**PROVIDED MATERIAL:**
================

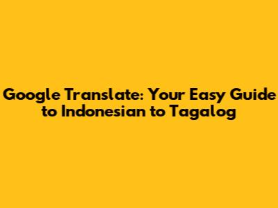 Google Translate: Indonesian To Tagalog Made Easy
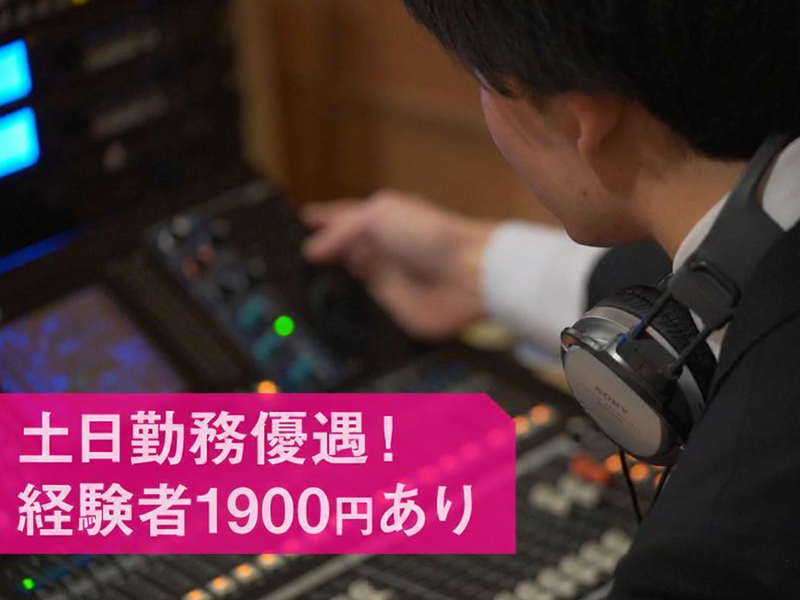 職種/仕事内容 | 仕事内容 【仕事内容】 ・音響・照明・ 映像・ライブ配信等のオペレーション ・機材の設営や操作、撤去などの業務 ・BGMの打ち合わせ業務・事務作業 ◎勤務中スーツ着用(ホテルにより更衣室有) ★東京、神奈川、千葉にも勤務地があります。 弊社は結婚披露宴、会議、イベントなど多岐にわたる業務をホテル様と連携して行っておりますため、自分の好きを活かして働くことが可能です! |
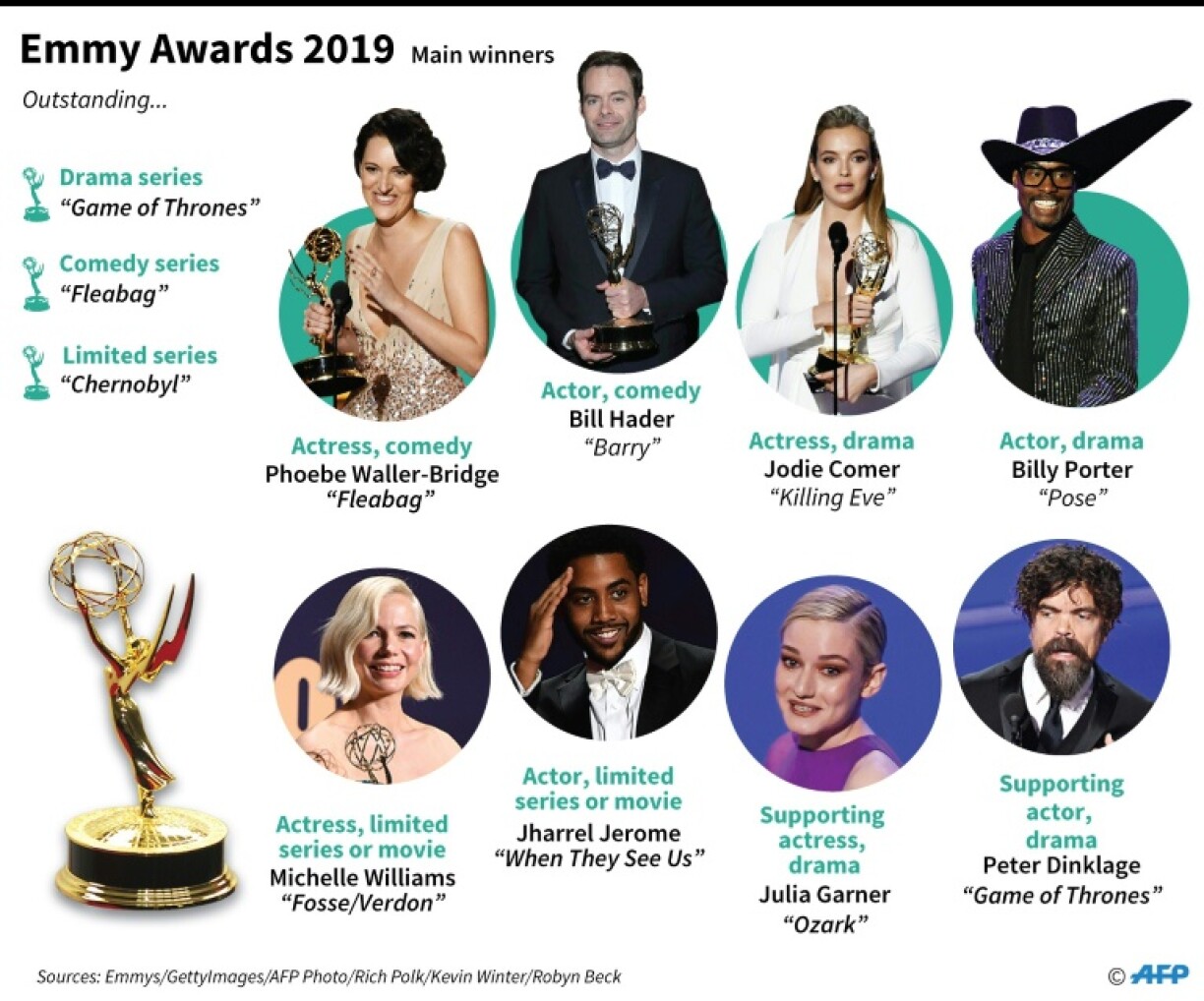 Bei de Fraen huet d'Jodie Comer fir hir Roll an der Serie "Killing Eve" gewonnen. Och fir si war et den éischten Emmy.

================

**ABOUT THIS EXERCISE:** Transcribe everything above exactly. Do not include the pictures.

**ANSWER TO THE EXERCISE:**
 Google Translate: Indonesian To Tagalog Made Easy
 職種/仕事内容 | 仕事内容 【仕事内容】 ・音響・照明・ 映像・ライブ配信等のオペレーション ・機材の設営や操作、撤去などの業務 ・BGMの打ち合わせ業務・事務作業 ◎勤務中スーツ着用(ホテルにより更衣室有) ★東京、神奈川、千葉にも勤務地があります。 弊社は結婚披露宴、会議、イベントなど多岐にわたる業務をホテル様と連携して行っておりますため、自分の好きを活かして働くことが可能です! |
 Bei de Fraen huet d'Jodie Comer fir hir Roll an der Serie "Killing Eve" gewonnen. Och fir si war et den éischten Emmy.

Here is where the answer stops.